The Corporation will not receive any proceeds from the Offering.
This press release is not an offer of securities for sale in the United States. The Common Shares being offered have not been and will not be registered under the United States Securities Act of 1933 and accordingly are not being offered for sale and may not be offered, sold or delivered, directly or indirectly within the United States, its possessions and other areas subject to its jurisdiction or to, or for the account or for the benefit of a U.S. person, except pursuant to an exemption from the registration requirements of that Act.
Norbord Profile
Norbord Inc. is an international producer of wood-based panels with assets of $1.0 billion, employing approximately 1,950 people at 14 plant locations in the United States, Europe and Canada. Norbord is one of the world's largest producers of oriented strand board (OSB). In addition to OSB, Norbord manufactures particleboard, medium density fibreboard (MDF) and related value-added products. Norbord is a publicly traded company listed on the Toronto Stock Exchange under the symbols NBD and NBD.WT.
Forward-looking Statements
This news release contains forward-looking statements, as defined in applicable legislation. The words "intends," "expected," "agreed to," derivatives thereof and other expressions including conditional verbs such as "will" and "may" are predictions of or indicate future events, trends or prospects or identify forward-looking statements. Forward-looking statements in this news release include statements in regards to a secondary offering of Common Shares of Norbord Inc. including the offer of such Common Shares by Brookfield, use of proceeds form the offering and restrictions on the registration, sale and offer of the common shares in the United States. Forward-looking statements involve known and unknown risks, uncertainties and other factors which may cause the actual results, performance or achievements of Norbord to be materially different from any future results, performance or achievements expressed or implied by the forward-looking statements.
Although Norbord believes it has a reasonable basis for making these forward-looking statements, readers are cautioned not to place undue reliance on such forward-looking information. By its nature, forward-looking information involves numerous assumptions, inherent risks and uncertainties, both general and specific, which contribute to the possibility that the predictions, forecasts and other forward-looking statements will not occur.

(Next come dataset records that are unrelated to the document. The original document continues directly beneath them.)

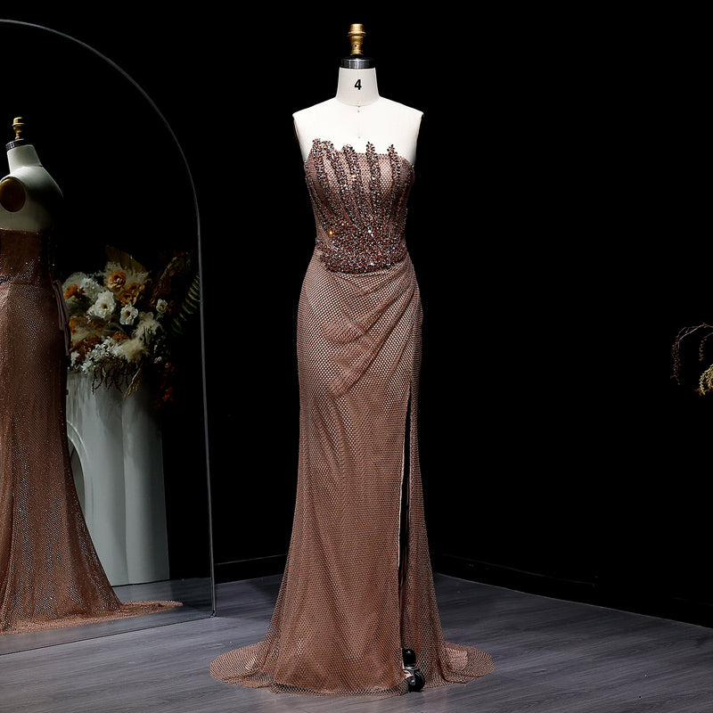 Sparkly Crystal Mermaid Evening Dress Dubai Luxury Caramel SS528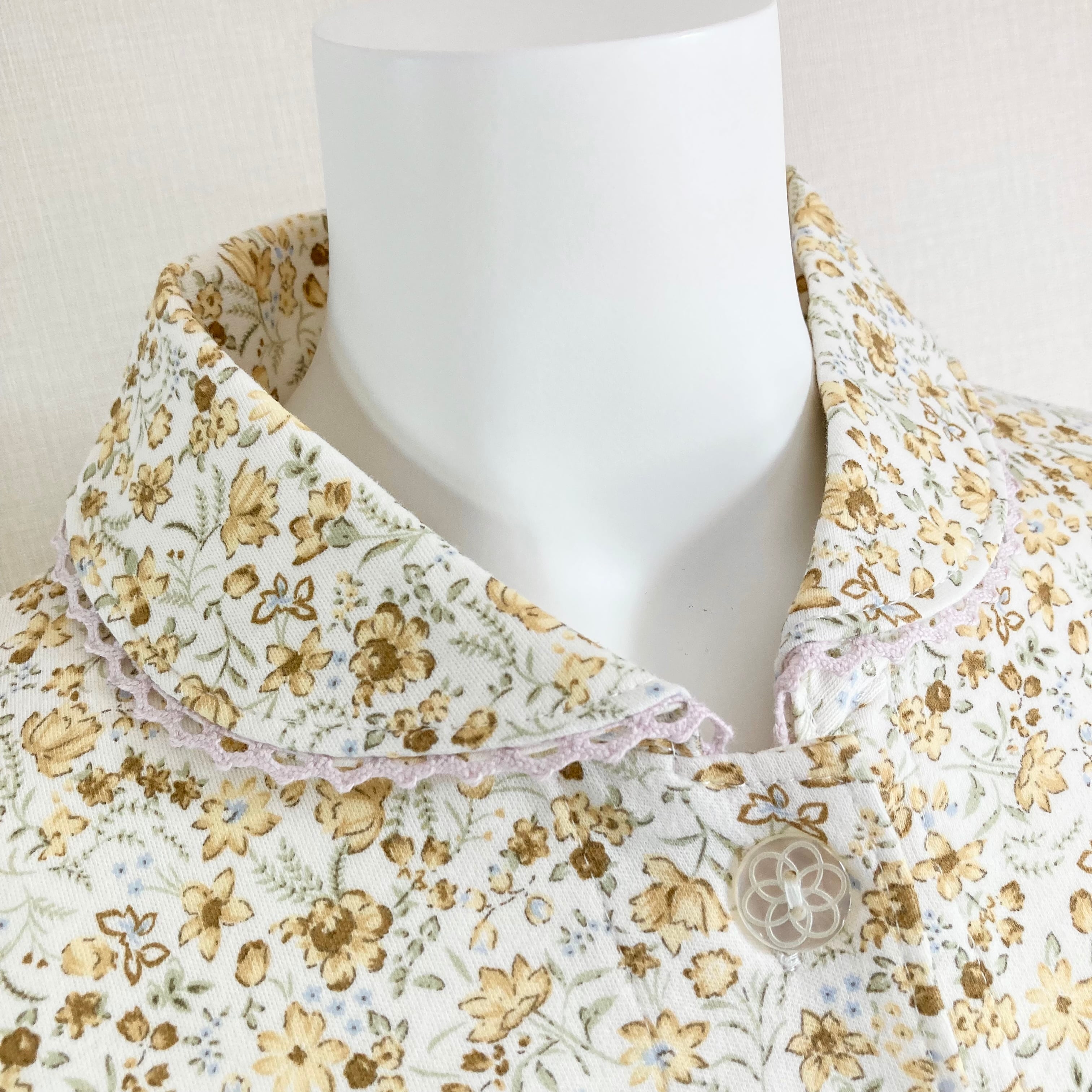 全体の優しい雰囲気の小花柄と、襟元のレースのテープがとっても可愛い!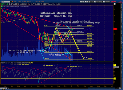 Yesterday, XLF tagged the .886 of an apparent Bat pattern and is now reversing. Recall that its Point B slightly exceeded the .618 Fib that’s the limit for both Gartleys and Bats. But, we had a trend line off the Feb highs that argued for a reversal at the .786 at 13.65.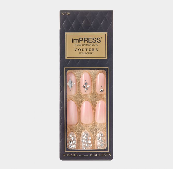 - Impress Kit Manucure : une large déclinaison de couleurs et de motifs, parfait pour varier les styles. Ongles courts et carrés, 30 capsules par boîte, accompagnées d’un chiffon nettoyant et d’un bâton en bois. Comptez environ 10€.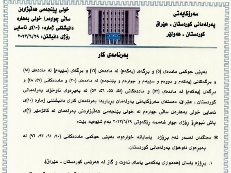 The Speaker of the Kurdistan Parliament Dr. Rewaz Faiq calls MPs to a sitting on Wednesday 29th June 2022 at 1pm, the 10th ordinary sitting of the spring session of the fourth year of the fifth term of Parliament. The Presidency of Parliament announces the order of business of the sitting as follows: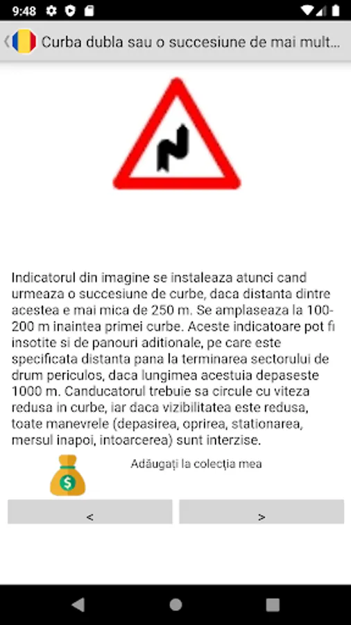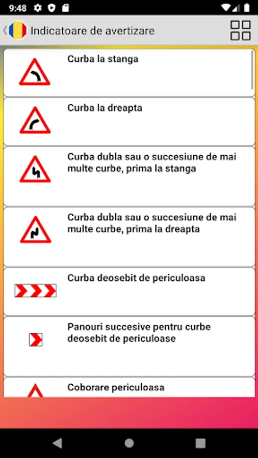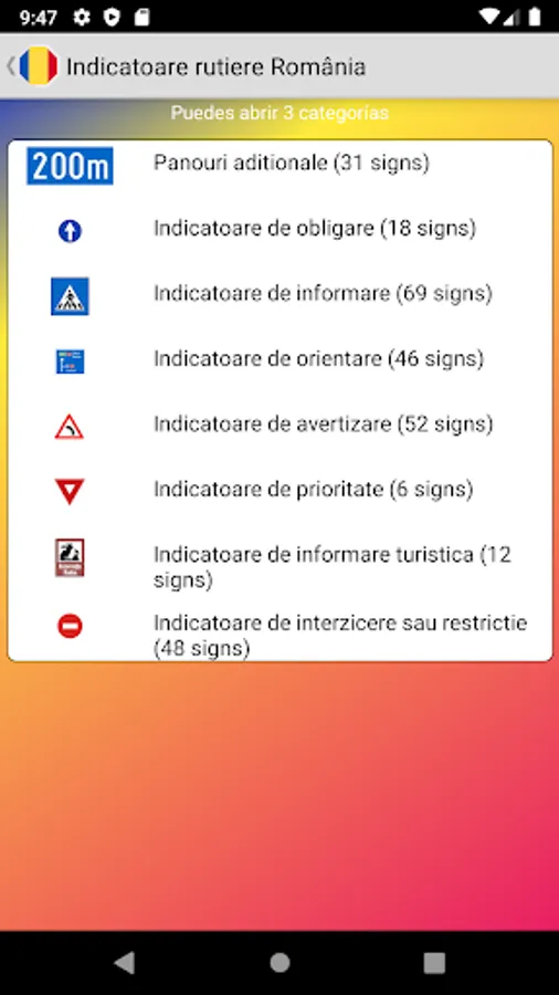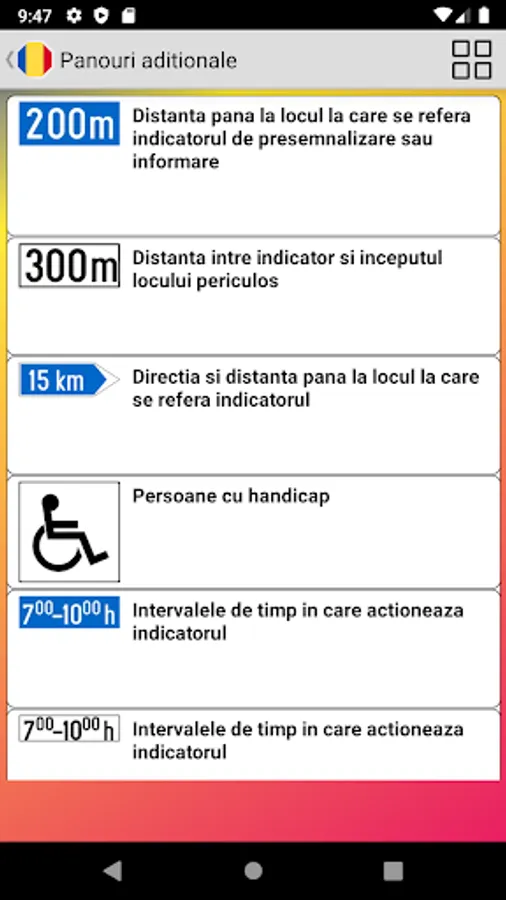 In this application, you will get free Romanian road signs with images and a description, the ability to test your knowledge in the test.

Factors that could cause actual results to differ materially from those contemplated or implied by forward-looking statements include: general economic conditions; risks inherent with product concentration; effects of competition and product pricing pressures; risks inherent with customer dependence; effects of variations in the price and availability of manufacturing inputs; risks inherent with a capital intensive industry; and other risks and factors described from time to time in filings with Canadian securities regulatory authorities.
We caution that the foregoing list of factors that may affect future results is not exhaustive. When relying on our forward-looking statements to make decisions with respect to Norbord investors and others should carefully consider the foregoing factors and other uncertainties and potential events. Except as required by applicable laws, Norbord does not undertake to update any forward-looking statements, whether as a result of new information, future events or otherwise, or to publicly update or revise the above list of factors affecting this information.